Data to examine Start Marker
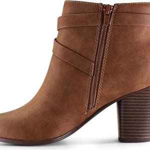 Women's Almond Toe High Chunky Block Stacked Heels Ankle Booties Boots
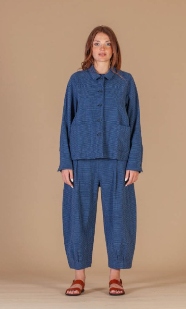 Regular price €245.00Mama B Blue Linen Blend Crinkled Check Jacket
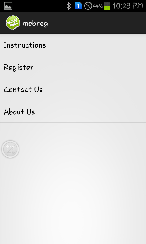 The application opens up with a Splash activity for one second. Then a menu presents itself which has four options that include: Instructions, Register, Contact Us, About Us.
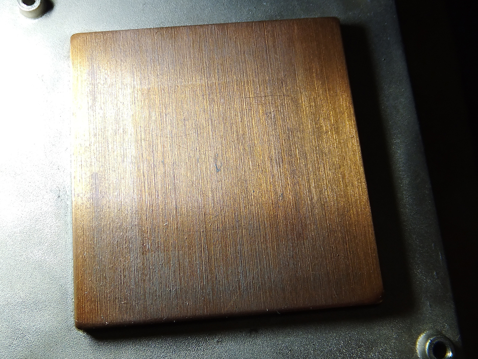 Пятак системы охлаждения очень неоднородный, глубокие царапины повсюду, по-хорошему стоит заполировать данную поверхность, но как-нибудь в следующий раз, ибо после полировки от качества термопасты практически не будет зависимости.
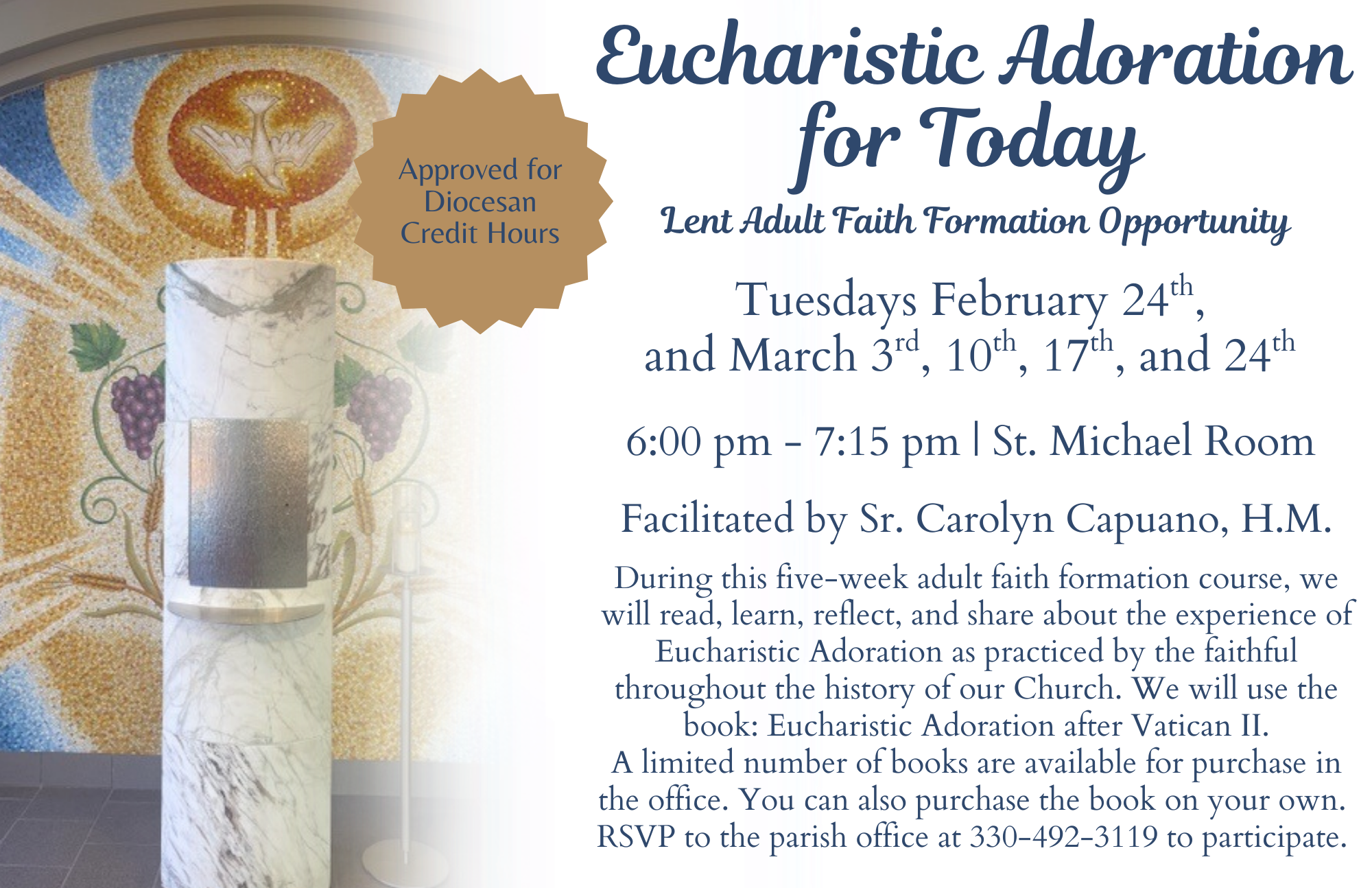 Wednesday Masses at 8:00 AM and 6:00 PM.
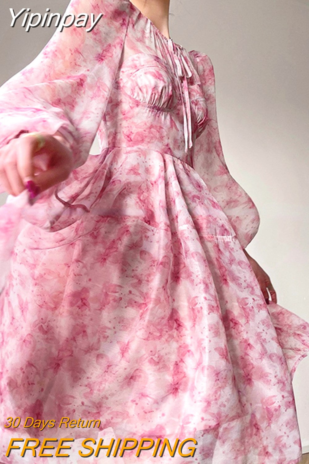 Yipinpay Lady Elegant Floral Y2k Mini Dress Boho Beach Fashion Short Party Sundress Women Casual One Piece Dress Korea Summer 2023
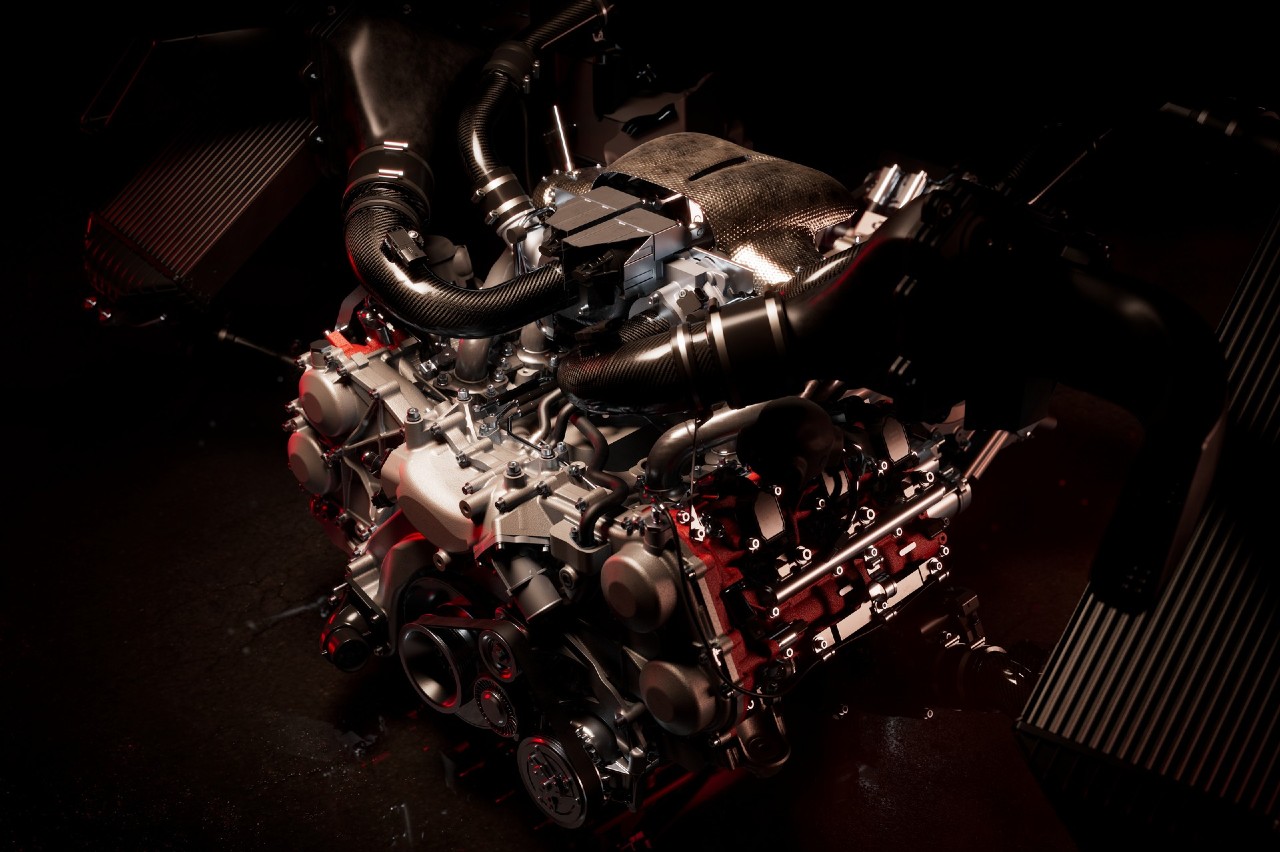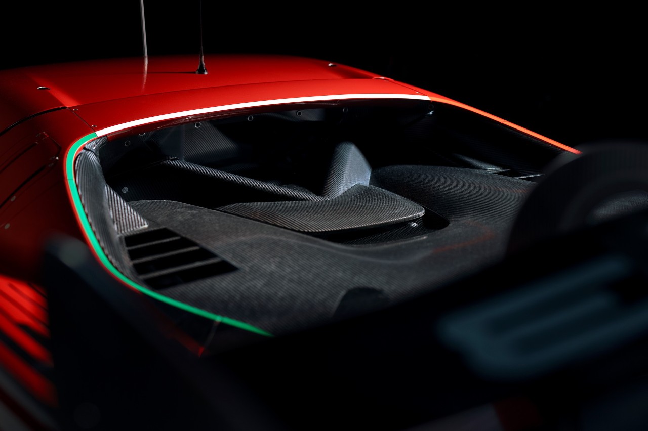 Se ha confirmado que monta un motor V6 biturbo, de 3 litros y con una ‘V’ a 120 grados, situado en la parte central trasera. Al contrario que el modelo de calle no tendrá hibridación y tampoco se ha dado a conocer cuál será su potencia concreta, aunque rondará los 600 CV y los 710 Nm de par máximo.
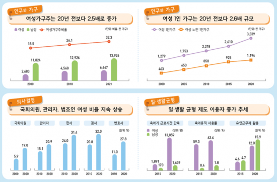 여성가족부, 2021 통계로 보는 여성의 삶 공개
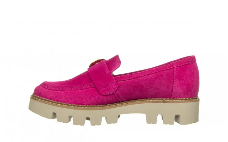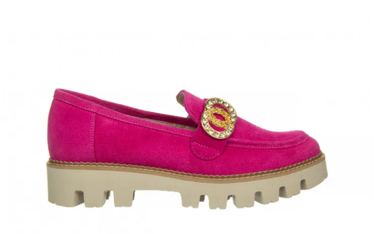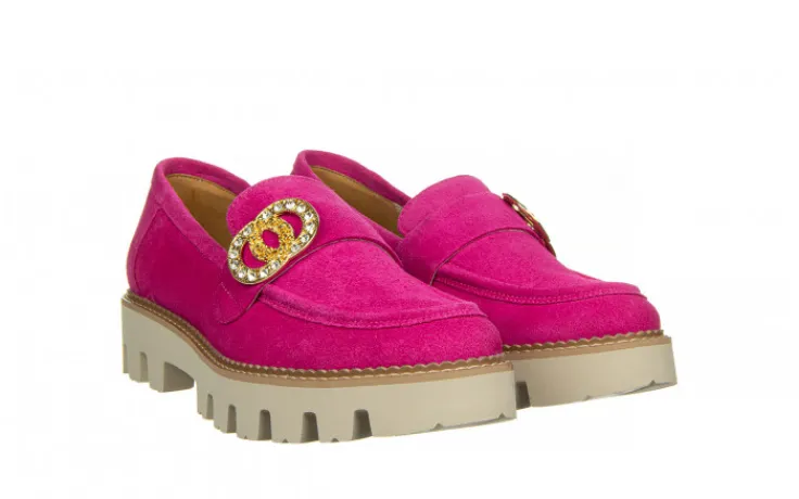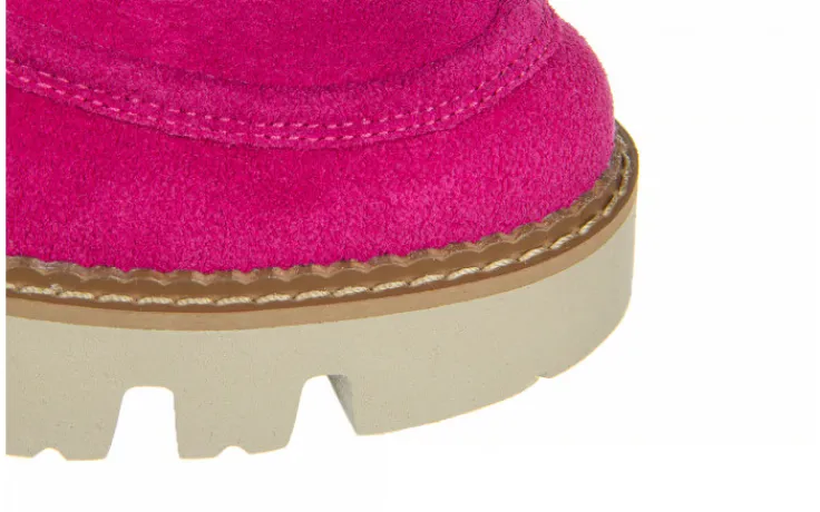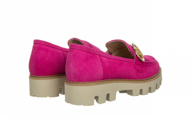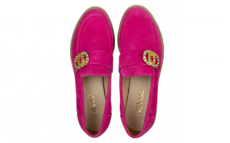 Półbuty marki Bayla wykonane ze skóry naturalnej zamszowej w kolorze fuksjowym.
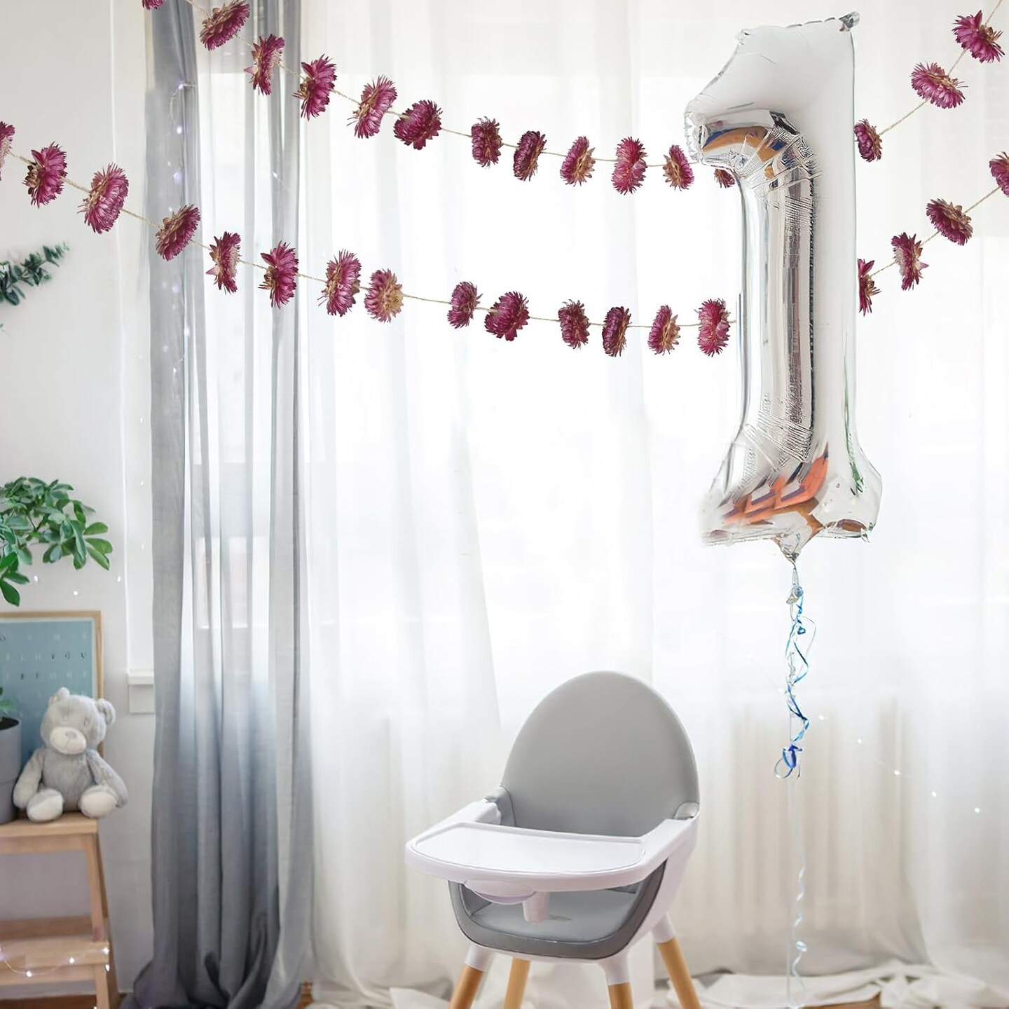 Dried Flower Garland – 10.5 ft with 63 Natural Daisy & Sunflower Heads for Wedding, Boho, Home, Party & Wall Hanging Décor
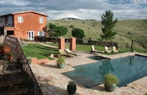Mas Souleido is a bit of luxury living located in Fort Davis, Texas. A 2 story guest house nestled at the foot of Blue Mountain on 20 acres. Serene and quiet luxury for a long weekend or longer getaway. Dark skies, balcony, expansive views. 2 upstairs bedrooms both with private bathrooms and soaking tubs, king bedroom (can be made into twins) also has daybed. Antique spiral staircase, downstairs, 2 bedrooms 1 queen and 1 with 2 twins (can be made into king), shared bath with shower, and large loft with 3 twin mattresses, and a half bath. The loft overlooks a large gameroom with pool table, bar area with ice machine and a limestone -carved fireplace. A large porch overlooks a grassy outdoor playing area. Also there is a gravel patio with fire pit. Kitchen and laundry area, Dish tv. Dining area seats 8, living area with television, library corner, board games. 40 foot outdoor pool, hot tub, propane gas grill, patio with umbrella table and chairs.
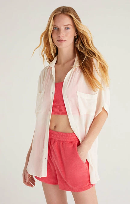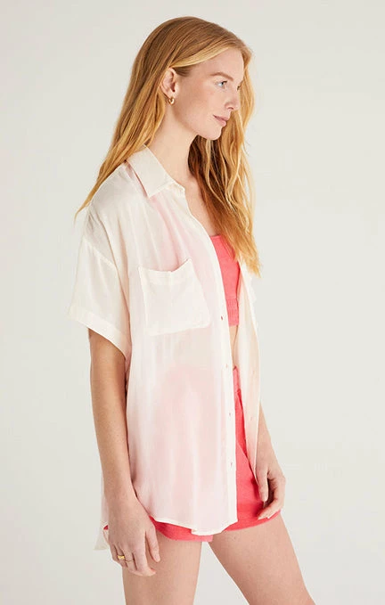 Oversized shirts are one of the ‘it’ styles of the season, and Z Lounge’s Clearwater Crinkle Shirt makes a versatile layer. With its collared, button-front design (with pockets) that can be worn open, buttoned or knotted, this shirt is your new travel essential. The breezy rayon crinkle fabric will keep you cool on even the hottest days. Complete your look and wear with any of Z Lounge’s resort sets!Â
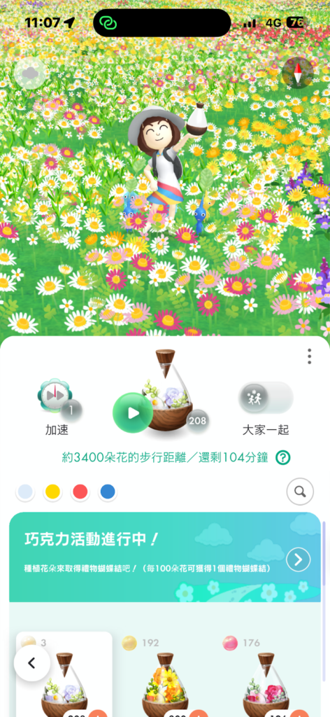 在主畫面右下方的花朵圖示,點下開始後邊走邊種花,不僅會在個人的地圖上留下花朵軌跡,還會加速皮克敏孵化速度,並且獲得金幣!
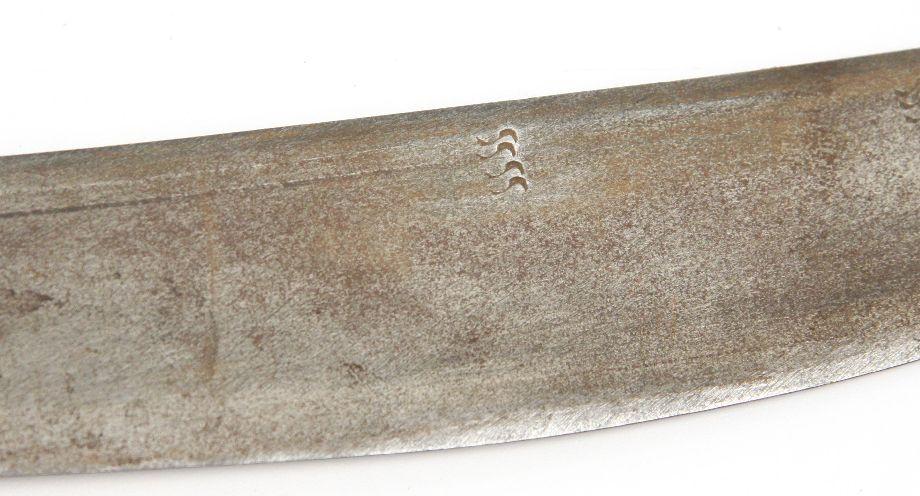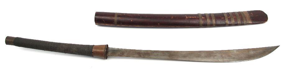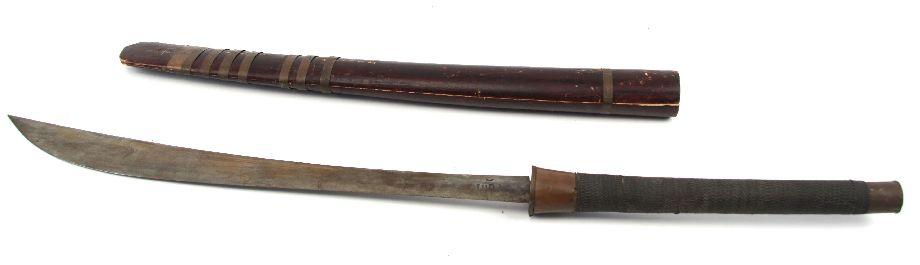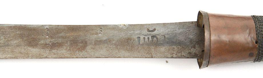 Dha in very good condition with 19 inch blade and 11 inch copper and wire handle. Script to blade.
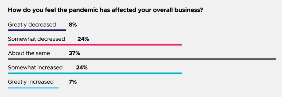 Принято считать, что карантинные меры привели к заметному росту выручки игр. Однако лишь 31% опрошенных заявили, что пандемия положительно повлияла на их бизнес; 37% опрошенных не заметили разницы, у 32% опрошенных пандемия привела к ухудшению бизнес-показателей.
Data to examine End Marker
Your task: Copy exactly, and only, the lines from the first line of the material through the line that contains "Wednesday Masses at 8:00 AM and 6:00 PM.", both ends kept; no pictures.

Task result:
 Women's Almond Toe High Chunky Block Stacked Heels Ankle Booties Boots
 Regular price €245.00Mama B Blue Linen Blend Crinkled Check Jacket
 The application opens up with a Splash activity for one second. Then a menu presents itself which has four options that include: Instructions, Register, Contact Us, About Us.
 Пятак системы охлаждения очень неоднородный, глубокие царапины повсюду, по-хорошему стоит заполировать данную поверхность, но как-нибудь в следующий раз, ибо после полировки от качества термопасты практически не будет зависимости.
 Wednesday Masses at 8:00 AM and 6:00 PM.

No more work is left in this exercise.